Bishop Benson appears to have felt a sincere regard for the young man whom he had thus ordained, little aware of the course which he was designed to run. Whitefield speaks at this time of having received from the good prelate another present of five guineas;," a great supply," he says, " for one who had not a guinea in the world." He began with as small a stock of sermons as of worldly wealth it had been his intention to have prepared at least an hundred wherewith to commence his ministry; he found himself with only one: it


proved a fruitful one; for having lent it to a neighbouring clergyman, to convince him how unfit he was, as he really believed himself to be, for the work of preaching, the clergyman divided it into two, which he preached morning and evening to his congregation, and sent it back with a guinea for its use. With this sermon he first appeared in the pulpit, in the church of St. Mary de Crypt, where he had been baptized, and where he had first received the sacrament. Curiosity had brought together a large congregation; and he now, he says, felt the unspeakable advantage of having been accustomed to public speaking when a boy at school, and of exhorting and teaching the prisoners and poor people at Oxford. More than this, he felt what he believed to be a sense of the Divine presence, and kindling as he went on in this belief, spake, as he thought, with some degree of gospel authority. A few of his hearers mocked, but upon the greater number a strong impression was produced, and complaint was made to the bishop that fifteen persons had been driven mad by the sermon. The good man replied, he wished the madness might not be forgotten before the next Sunday.

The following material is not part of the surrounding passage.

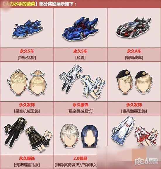 活动期间,购买角色经验卡+900,有机会得永久S车【终极猛兽】/【猛兽】、永久A车【蝙蝠战车】、永久【星空机械发饰/服饰】/【贵柒黯墨发饰/礼服】或其他奖励之一!

That same week he returned to Oxford, took his degree, and continued to visit the prisoners, and inspect two or three charity schools which were supported by the Methodists. With this state of life he was more than contented, and thought of continuing in the University at least for some years, that he might complete his studies, and do what

good he might among the gownsmen; to convert one of them would be as much as converting a whole parish. From thence, however, he was invited ere long to officiate at the Tower chapel, in London, during the absence of the curate. It was a summons which he obeyed with fear and trembling; but he was soon made sensible of his power; for though the first time he entered a pulpit in the metropolis the congregation seemed disposed to sneer at him on account of his youth, they grew serious during his discourse, shewed him great tokens of respect as he came down, and blessed him as he passed along, while enquiry was made on every side, from one to another, who he was. Two months he continued in London, reading prayers every evening at Wapping chapel, and twice a week at the Tower, preaching and catechising there once; preaching every Tuesday at Ludgate prison, and daily visiting the soldiers in the infirmary and barracks. The chapel was crowded when he preached, persons came from different parts of the town to hear him, and proof enough was given that an earnest minister will make an attentive congregation.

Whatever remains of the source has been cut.